Dataset —
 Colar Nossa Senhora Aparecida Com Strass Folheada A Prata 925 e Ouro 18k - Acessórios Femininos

--

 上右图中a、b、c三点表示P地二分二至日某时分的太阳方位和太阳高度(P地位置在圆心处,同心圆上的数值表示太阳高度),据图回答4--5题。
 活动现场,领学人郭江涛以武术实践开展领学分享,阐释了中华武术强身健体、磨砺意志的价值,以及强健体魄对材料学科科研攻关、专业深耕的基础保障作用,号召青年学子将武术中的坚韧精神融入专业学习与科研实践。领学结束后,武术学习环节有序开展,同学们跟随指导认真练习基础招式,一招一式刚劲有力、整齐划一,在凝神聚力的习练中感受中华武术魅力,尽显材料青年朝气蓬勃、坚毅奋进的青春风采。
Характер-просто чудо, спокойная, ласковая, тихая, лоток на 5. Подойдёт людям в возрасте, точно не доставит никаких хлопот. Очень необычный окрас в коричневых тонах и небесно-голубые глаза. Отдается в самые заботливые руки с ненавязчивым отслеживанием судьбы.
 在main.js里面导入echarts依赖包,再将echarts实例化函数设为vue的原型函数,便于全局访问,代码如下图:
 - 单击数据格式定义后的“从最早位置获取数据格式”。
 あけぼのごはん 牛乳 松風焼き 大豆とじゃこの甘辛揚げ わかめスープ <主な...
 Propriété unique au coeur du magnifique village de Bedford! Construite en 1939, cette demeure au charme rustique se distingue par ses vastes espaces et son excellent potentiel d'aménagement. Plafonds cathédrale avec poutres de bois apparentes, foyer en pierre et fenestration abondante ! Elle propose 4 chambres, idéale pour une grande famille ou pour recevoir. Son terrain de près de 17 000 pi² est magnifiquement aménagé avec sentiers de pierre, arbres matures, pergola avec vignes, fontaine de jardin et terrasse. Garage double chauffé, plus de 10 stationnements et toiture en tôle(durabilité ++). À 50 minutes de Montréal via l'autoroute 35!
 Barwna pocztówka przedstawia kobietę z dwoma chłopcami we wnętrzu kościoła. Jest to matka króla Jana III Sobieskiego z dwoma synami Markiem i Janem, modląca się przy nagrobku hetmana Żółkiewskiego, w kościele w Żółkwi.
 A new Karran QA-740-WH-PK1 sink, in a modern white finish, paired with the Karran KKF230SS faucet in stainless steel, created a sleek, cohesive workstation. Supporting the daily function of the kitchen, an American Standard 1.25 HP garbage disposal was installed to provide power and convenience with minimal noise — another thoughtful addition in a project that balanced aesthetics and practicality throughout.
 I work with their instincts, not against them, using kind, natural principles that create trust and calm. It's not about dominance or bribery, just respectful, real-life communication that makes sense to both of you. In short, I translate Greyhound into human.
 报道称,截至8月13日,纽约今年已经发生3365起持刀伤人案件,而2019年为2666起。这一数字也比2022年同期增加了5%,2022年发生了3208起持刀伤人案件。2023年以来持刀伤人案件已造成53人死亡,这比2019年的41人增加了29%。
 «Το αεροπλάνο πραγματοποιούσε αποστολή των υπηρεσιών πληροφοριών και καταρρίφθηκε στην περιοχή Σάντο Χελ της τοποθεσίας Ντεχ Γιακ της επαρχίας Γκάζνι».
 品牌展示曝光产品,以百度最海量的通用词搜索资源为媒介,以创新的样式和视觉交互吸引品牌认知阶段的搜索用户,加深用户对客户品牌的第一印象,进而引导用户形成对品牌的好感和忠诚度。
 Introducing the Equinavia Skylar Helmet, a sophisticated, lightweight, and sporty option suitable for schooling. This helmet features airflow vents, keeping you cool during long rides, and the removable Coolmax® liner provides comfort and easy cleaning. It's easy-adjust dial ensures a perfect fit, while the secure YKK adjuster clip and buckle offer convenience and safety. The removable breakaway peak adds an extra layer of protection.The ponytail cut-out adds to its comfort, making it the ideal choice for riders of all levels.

* * *

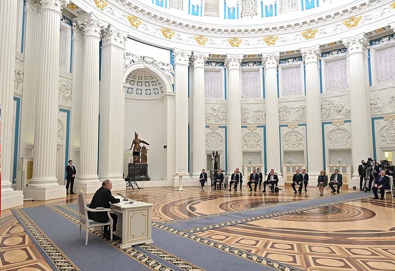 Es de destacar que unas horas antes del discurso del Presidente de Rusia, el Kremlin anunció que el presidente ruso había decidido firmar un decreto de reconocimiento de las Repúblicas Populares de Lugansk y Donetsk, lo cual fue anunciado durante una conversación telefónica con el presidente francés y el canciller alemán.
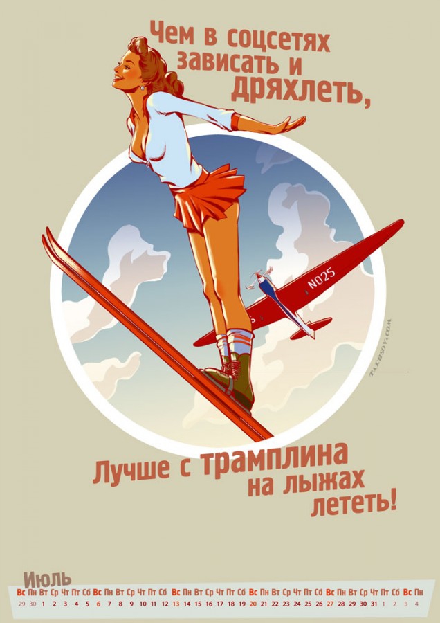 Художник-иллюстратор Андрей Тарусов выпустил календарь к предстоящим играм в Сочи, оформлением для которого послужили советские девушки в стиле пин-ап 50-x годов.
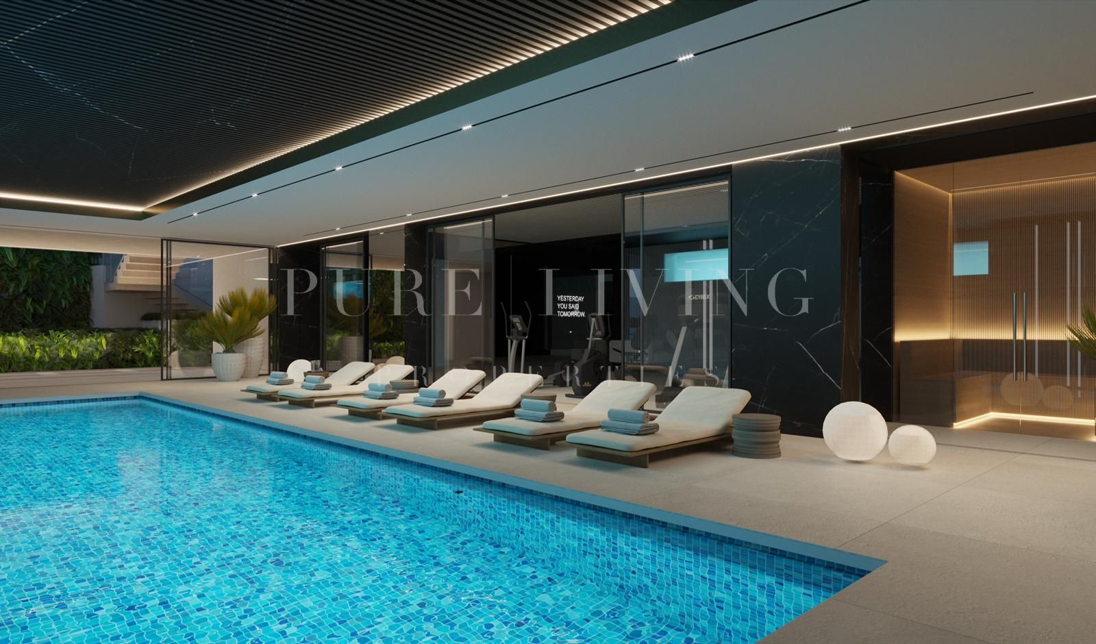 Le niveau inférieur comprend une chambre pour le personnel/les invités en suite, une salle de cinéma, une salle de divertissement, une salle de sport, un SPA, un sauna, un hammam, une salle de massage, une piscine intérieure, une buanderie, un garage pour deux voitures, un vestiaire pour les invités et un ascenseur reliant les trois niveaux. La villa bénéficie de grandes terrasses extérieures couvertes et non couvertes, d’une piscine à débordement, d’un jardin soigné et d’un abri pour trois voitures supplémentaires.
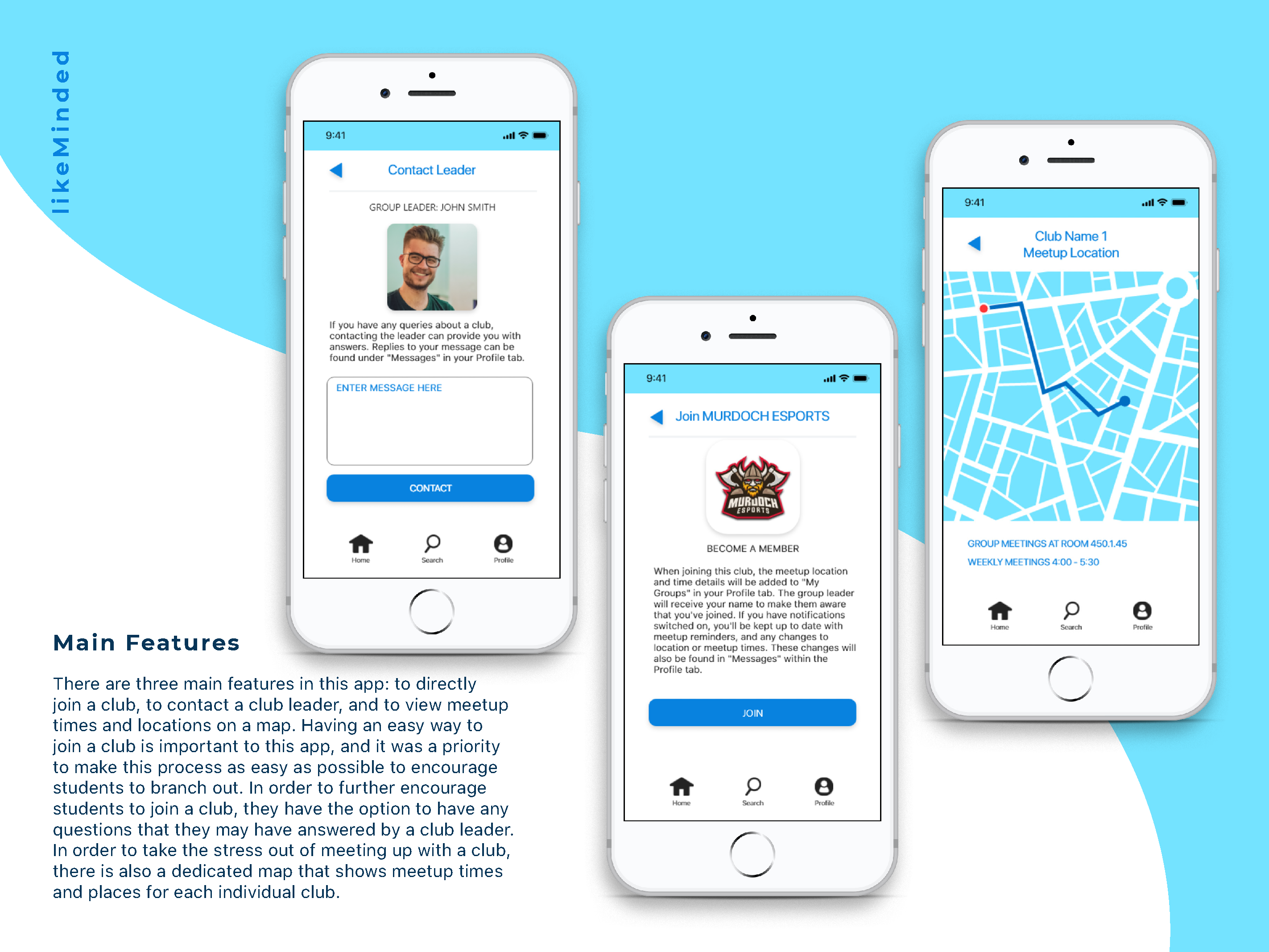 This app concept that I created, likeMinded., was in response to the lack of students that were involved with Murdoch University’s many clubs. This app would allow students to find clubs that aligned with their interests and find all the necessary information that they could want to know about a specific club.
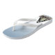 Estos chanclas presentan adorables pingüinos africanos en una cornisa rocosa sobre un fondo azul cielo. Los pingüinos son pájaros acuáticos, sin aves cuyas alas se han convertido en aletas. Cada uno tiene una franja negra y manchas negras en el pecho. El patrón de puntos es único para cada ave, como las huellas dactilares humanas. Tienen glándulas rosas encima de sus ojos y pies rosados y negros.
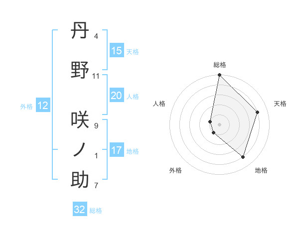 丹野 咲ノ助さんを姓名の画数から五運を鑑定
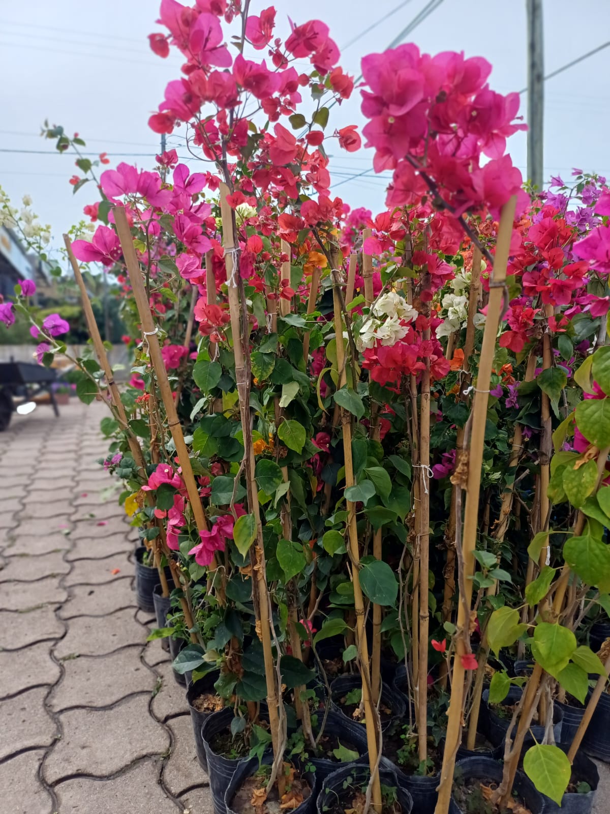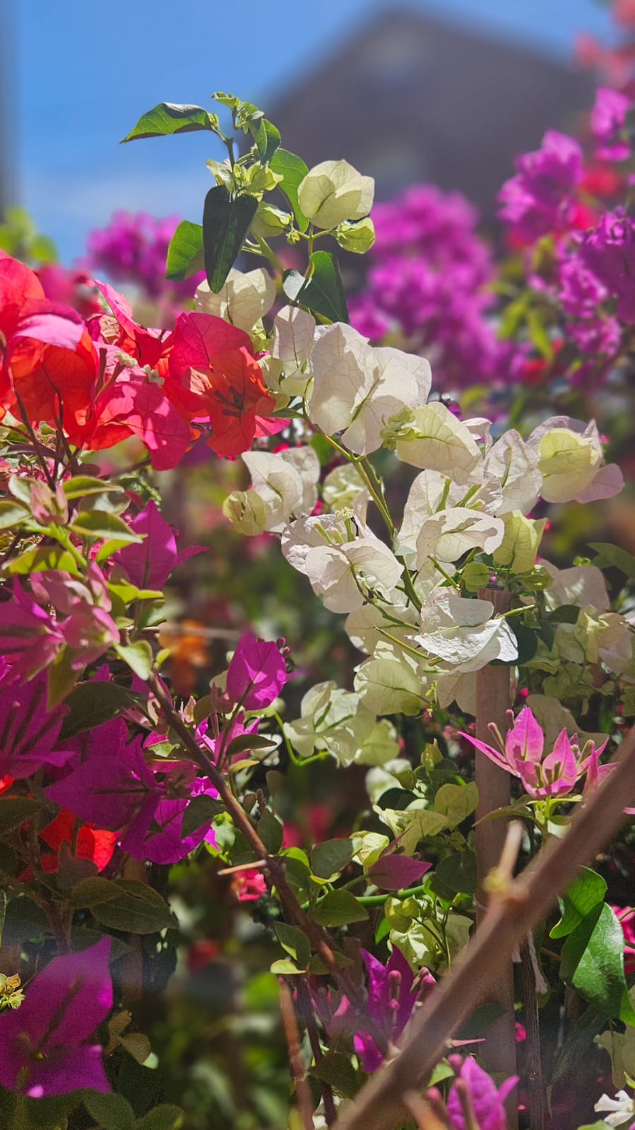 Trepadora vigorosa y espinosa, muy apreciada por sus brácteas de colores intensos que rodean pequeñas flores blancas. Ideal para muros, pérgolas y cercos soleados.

Task statement — All that belongs in your answer is the stretch of entries above from the line with "αεροπλάνο πραγματοποιούσε αποστολή" through the line with "品牌展示曝光产品,以百度最海", printed exactly.

Solution to this problem —
 «Το αεροπλάνο πραγματοποιούσε αποστολή των υπηρεσιών πληροφοριών και καταρρίφθηκε στην περιοχή Σάντο Χελ της τοποθεσίας Ντεχ Γιακ της επαρχίας Γκάζνι».
 品牌展示曝光产品,以百度最海量的通用词搜索资源为媒介,以创新的样式和视觉交互吸引品牌认知阶段的搜索用户,加深用户对客户品牌的第一印象,进而引导用户形成对品牌的好感和忠诚度。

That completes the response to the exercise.